# mini rule book vs hard cover



## fuzzawakka (Nov 16, 2008)

is there a BIG differance :laugh: 

Does the mini rule book have everything the same as the hard cover except that its in small font and not hard or is there a lot of fancy rules left out of it?


----------



## Blackhiker (Dec 28, 2007)

The only difference is that the hardcover book has a lot of background fluff to make the game a little more interesting, but the small one is fine for just gaming.


----------



## Underground Heretic (Aug 9, 2008)

You can't club people with the mini book so I got the big one. Am I kidding?


----------



## LJT_123 (Dec 26, 2007)

The small one is perfect, I have the small one.  Its got everything you need. The big one is just full of pictures and fluff.


----------



## gwmaniac (Sep 1, 2008)

Blackhiker said:


> The only difference is that the hardcover book has a lot of background fluff to make the game a little more interesting, but the small one is fine for just gaming.


agreed. the big rulebook has a lot of pretty artwork and hobby stuff, whereas the little book goes straight into gaming and rules. I liked how they put in each army's stats, however. Quite a treat for me when I played battles against my opponents. :biggrin:


----------



## hippogryph (Oct 26, 2008)

If your new go big. If experienced go small.


----------



## Deneris (Jul 23, 2008)

And, of course, the smaller one is easier to carry and more than likely cheaper to replace if (when, in most cases) it gets damaged...


----------



## gwmaniac (Sep 1, 2008)

hippogryph said:


> If your new go big. If experienced go small.

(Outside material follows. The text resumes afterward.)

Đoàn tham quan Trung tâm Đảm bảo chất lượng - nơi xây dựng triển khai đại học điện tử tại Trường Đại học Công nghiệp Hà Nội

definitely agreed! if your a beginner, you should know the basics of the 40k atmosphere and the storyline, so if someone screams waagh!, you'll know they're not retarded or something. if your a veteran, then just get the small one cuz it's not much different than the earlier edition. i might just get the big one to weigh down my cities of death battle mat (yeah, that mat they made for a while but nobody really got them) and to look at the pretty pictures. but i really want to save up for the apocalypse rulebook, cuz ever since it came out, i haven't been able to buy it. kept on buying new marines and black reach, not to mention subscribing to white dwarf and buying a games day ticket. sigh, i'll just ask for one for christmas. sorry if i got a little of topic:biggrin:


----------



## Galahad (Dec 21, 2006)

I own both, but I use the little one more.

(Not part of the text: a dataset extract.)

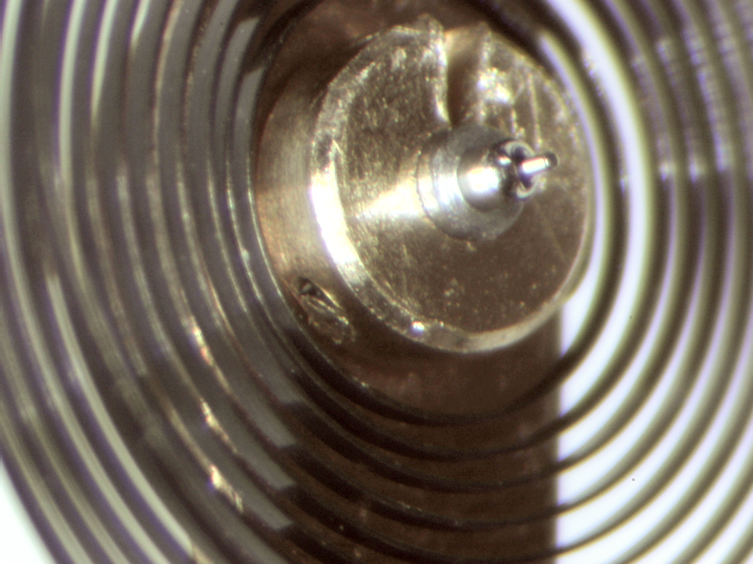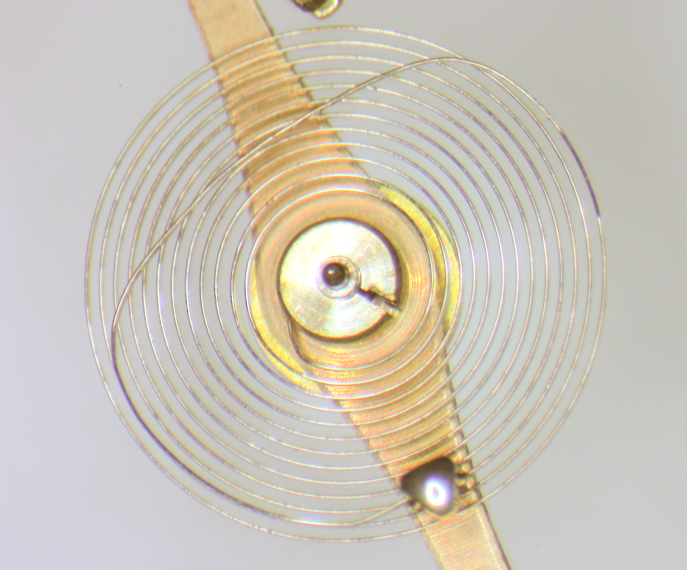 First - here's a look at the hairspring of the NOS balance. This exposure doesn't do it justice - but I think you can kind-of tell how bright and shinny the hairspring is. Looks like it was just made.

In 4th, the mini-book left out all the special game rules like kill-teams and combat patrol and (I think) special mission rules. In 5th, they cut all those rules out of both books, so the mini-book has everything you need.

The big difference is, as the others have said, fluff and art. There's no beautiful color pics, painting tips or descriptions of the various armies and the setting. It's just the rules.

But it;s also lightweight and pocket sozed (and better constructed than the 4th ed mini-book)

The minibook stays by my computer when I'm not playing, and it goes in my pocket when I am. Love it.

Go and get one.
Bits merchants like the Warstore will usually offer it on its own for very little money. It's worth it.


----------



## gwmaniac (Sep 1, 2008)

Galahad said:


> I own both, but I use the little one more.
> 
> In 4th, the mini-book left out all the special game rules like kill-teams and combat patrol and (I think) special mission rules. In 5th, they cut all those rules out of both books, so the mini-book has everything you need.


yeah, back in 4th edition, i kept on hearing about sentries, and i was just standing there confused, thinking, "what the heck is a sentry?" I only got one look at the sentries section in the big rulebook and i never understood kill teams and combat patrol. i was a confused gamer! :no:


----------



## Tau2007 (Jan 25, 2008)

As someone who's turning the big Four-Oh next month, the AoBR rules booklet is death on my eyes. LOL I played a game last weekend and only had the booklet with me. That will never happen again. I almost squinted my eyes out of my head!

Cheers,
Tau2007


----------



## Wusword77 (Aug 11, 2008)

I love the ABoR book. think its great for gaming purposes. its great the hard cover has all the hobby info and the fluff but you dont need that for every game.


----------



## surreal-mind (Oct 11, 2008)

as the others have said. the mini book is good for the more exeprienced players


----------



## humakt (Jan 2, 2008)

I think I'll stick to the big book. Its nice to have that weighty tomb with big print. My eye's arn't what they were.


----------



## moo (Aug 12, 2008)

I havent got either yet, but i think i'll try and get a hold of the mini book since i am fairly experienced and im not too fussed on the fluff or painting tips. I just have a small room which is rapidly being filled with all sorts of junk.


----------